§ **TASK DESCRIPTION**
Exclude all pictures, then write out exactly the lines below from the first one through the line with "使用後の治療器具には、患者様".

§ **SOURCE DATA**

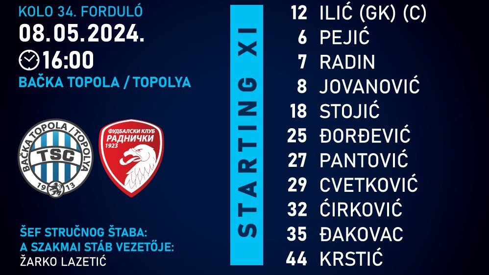 A topolyaiak 4:3-ra verték a kragujevaci Radničkit, ezzel pedig biztossá vált, hogy a bajnokságban nem végezhetnek a harmadiktól rosszabb helyen, sőt az ezüstérem megszerzésére is lehetőség mutatkozik, ugyanis a második helyen álló Partizan 3:3-as döntetlent játszott a Napredak vendégeként, így a belgrádi-fehérek előnye két pontra csökkent a TSC előtt. A bajnokságból még három forduló maradt hátra.
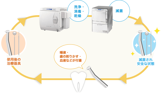 使用後の治療器具には、患者様の血液やだ液などが付着しているため、もしも患者様が感染症を持っていた場合、適切な処理が行われなければ、次にその器材を使用される患者様に感染してしまう恐れがあります(院内感染)。
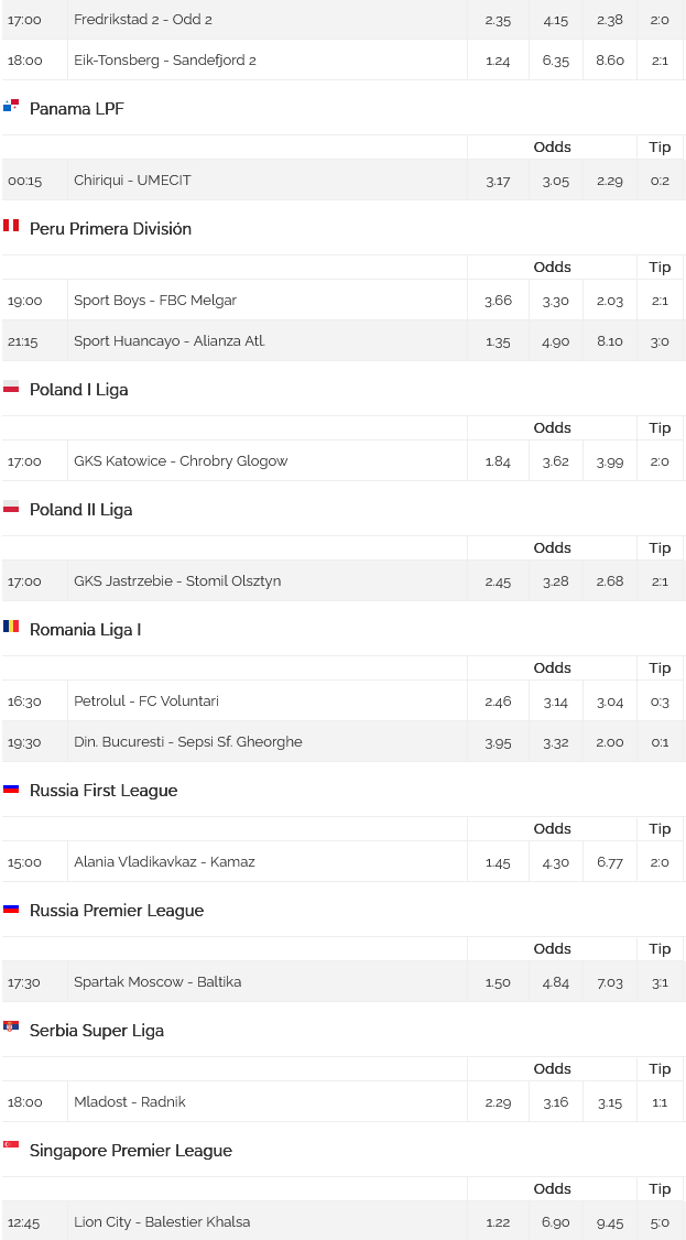 CNCF LC 12:00 티그레스 UANL 산호세 어스퀘이크스 MEX D2 12:05 도라도 데 시날로아 Atletico La Paz WWC 16:00 일본 (W)(N) 스페인 (W) WWC 16:00 코스타리카 (W)(N) 잠비아 (W) INT CF 16:30 UD 알메리아 안테케라 CF MYA D1 18:00 ISPE FC 친랜드 FC MYA D1 18:30 라카인 유나이티드 FC 양곤 유나이티드 FC KOR D2 19:00 서울 이랜드 FC 충남 아산 FC WWC 19:00 캐나다 (W) 호주 (W) WWC 19:00 아일랜드 (W)(N) 나이지리아 (W) KOR D2 19:30 FC 안양 김천 상무 FC SIN D1 20:45 라이언 시티 세일러스 FC 베일스티어 칼사 FC ARCL 22:00 알와흐다(UAE) CR 벨루이즈다드 ARM D1 23:00 알라슈케르트 FC FC 퓨니크 RUS D2 23:00 FC 알라니야 블라디캅카스 FC 카마스 나베레즈니예첼니 2023년08월01일 화요일 ARCL 0:00 알 샤바브 리야드 자말레크 SC LIT D2 0:00 FK 파네베지스 B Vilnius BFA FIN D2 0:30 Kapylan Pallo JJK 이위베스퀼레 FIN D2 0:30 투룬 팔로세우라 SJK Akatemia ROM D1 0:30 FC 페트롤룰 플로이에슈티 FC 볼룬타리 BUL D2 0:30 FC Maritsa Plovdiv Sportist Svoge INT CF 0:30 AS 구비오 1910 US 트리에스티나 EST D2 0:59 FC 플로라 탈린 B Tallinna FC Levadia II POL D2 0:59 GKS 카토비체 Chrobry Glogow NOR D2B 0:59 Alta 스트룀스고세 IF B POL D3 0:59 GKS 야스트솅비에 Stomil Olsztyn NOR D3D 0:59 프레드릭스타드 FK 2 오드 BK B NOR D3E 0:59 나르도 FK 로센보르그 BK B INT CF 0:59 FK 메탈라츠 고르니밀라노바츠 알와흐다 메카 RUS D1 1:30 FC 스파르타크 모스크바 FC 발티카 칼리닌그라드 INT CF 1:30 NK Zagora Unesic(N) HNK 시베니크 EST D1 1:45 FC 쿠레사레 타르투 JK 탐메카 DEN SASL 2:00 오르후스 GF FC 노르셸란 SWE D1 2:00 말뫼 FF IFK 바르나모 SWE D1 2:00 IK 시리우스 AIK 솔나 SWE D2 2:00 외레브로 SK GAIS SWE D2 2:00 Utsiktens BK 헬싱보리 IF SER D1 2:00 FK 믈라도스트 루차니 Radnik Surdulica NOR D2B 2:00 SK 브란 B 레방에르 FK SWE D2N 2:00 Bergnasets AIK Storfors AIK ARCL 2:00 라자 카사블랑카 쿠웨이트 SC FIN WD2 2:00 EBK Espoo Women's KTP 콧카 (W) LIT D2 2:00 FK 리테리아이 B Nevezis NOR D3D 2:00 Eik Tonsberg 사네피오르 포트발 B SWE D1N 2:00 솔렌투나 FK 함마르뷔 TFF SWE D1S 2:00 BK Olympic Malmo 룬드 BK INT CF 2:00 SV Kematen FC 바커 인스브루크 ARG D2 3:00 데펜소레스 데 벨그라노 Flandria PER D1 3:00 스포르트 보이스 FBC 멜가르 HUN D1 3:00 데브레체니 VSC Mezokovesd-Zsory BRA SPY 3:00 산투스 FC (Youth) Desportivo Brasil Youth BUL D1 3:15 PFC 로코모티프 플로브디프 POFC 보테프 브라차 ROM D1 3:30 FC 디나모 부쿠레슈티 ACS 셉시 OSK 스픈투게오르게 ARG D2M1 3:30 Sportivo Dock Sud CA Fenix Pilar ARG D2M2 3:30 Deportivo Espanol Central Cordoba De Rosario ARG D2M2 3:30 Yupanqui Excursionistas BsAs ARG D2M3 3:30 Centro Espanol Mercedes ARG D2M3 3:30 Deportivo Muniz CA 루가노 ARG D2M3 3:30 El Porvenir Central Ballester ARCL 4:00 US 모나스티르 알 나스르(KSA) ICE PR 4:15 케플라비크 IF FH 하프나르피외르뒤르 ICE PR 4:15 KR 레이캬비크 발루르 PER D1 5:15 스포르트 우앙카요 알리안사 아틀레티코 COL D1 6:00 엔비가도 FC 우니온 마그달레나 COL D2 6:00 쿠쿠타 데포르티보 바예두파르 FC NCA D1 6:00 Sport Sebaco Municipal Jalapa ARG D2M1 7:00 Talleres Remdios de Escalada Argentino de Merlo CHI D2 7:00 우니베르시다드 데 콘셉시온 CD 코브렐로아 ARG D2M2 7:00 Ferrocarril Midland General Lamadrid BRA D3 8:00 Aparecidense GO 플로레스타 EC BRA D3 8:00 브루스키 FC 상베르나르두 USA MLSRv 8:00 뉴욕 레드불스 B 올랜도 시티 SC B BRA D4 8:00 아기아 지 마라바 FC Atletico Cearense CE COL D1 8:10 보야카 치코 FC 라 에키다드 BRA D4 8:30 데모그라타 FC 아나폴리스 GO CNCF LC 9:00 클루브 아메리카 콜럼버스 크루 CNCF LC 9:00 푸에블라 FC 시카고 파이어 BRA D4 9:00 Princesa AM Ferroviario CE ARG D2 9:10 올 보이스 Defensores Unidos CHI D2 9:30 데포르테스 라세레나 데포르테스 테무코 MEX D2 10:05 Alebrijes de Oaxaca CD 타파티오 MEX WD1 10:06 클루브 레온 (W) 케레타로 FC (W) COL D1 10:20 아틀레티코 후니오르 아틀레티코 부카라망가 PER D1 10:30 우니베르시타리오 데 데포르테스 Carlos A. Mannucci CNCF LC 10:30 데포르티보 톨루카 콜로라도 라피즈 CNCF LC 11:00 CD 과달라하라 스포팅 캔자스시티 해외축구일정 해외축구경기일정 팀코리아분석 팀코리아픽 팀코리아스포츠분석 승무패 결장정보

§ **WRITTEN REPLY**
 A topolyaiak 4:3-ra verték a kragujevaci Radničkit, ezzel pedig biztossá vált, hogy a bajnokságban nem végezhetnek a harmadiktól rosszabb helyen, sőt az ezüstérem megszerzésére is lehetőség mutatkozik, ugyanis a második helyen álló Partizan 3:3-as döntetlent játszott a Napredak vendégeként, így a belgrádi-fehérek előnye két pontra csökkent a TSC előtt. A bajnokságból még három forduló maradt hátra.
 使用後の治療器具には、患者様の血液やだ液などが付着しているため、もしも患者様が感染症を持っていた場合、適切な処理が行われなければ、次にその器材を使用される患者様に感染してしまう恐れがあります(院内感染)。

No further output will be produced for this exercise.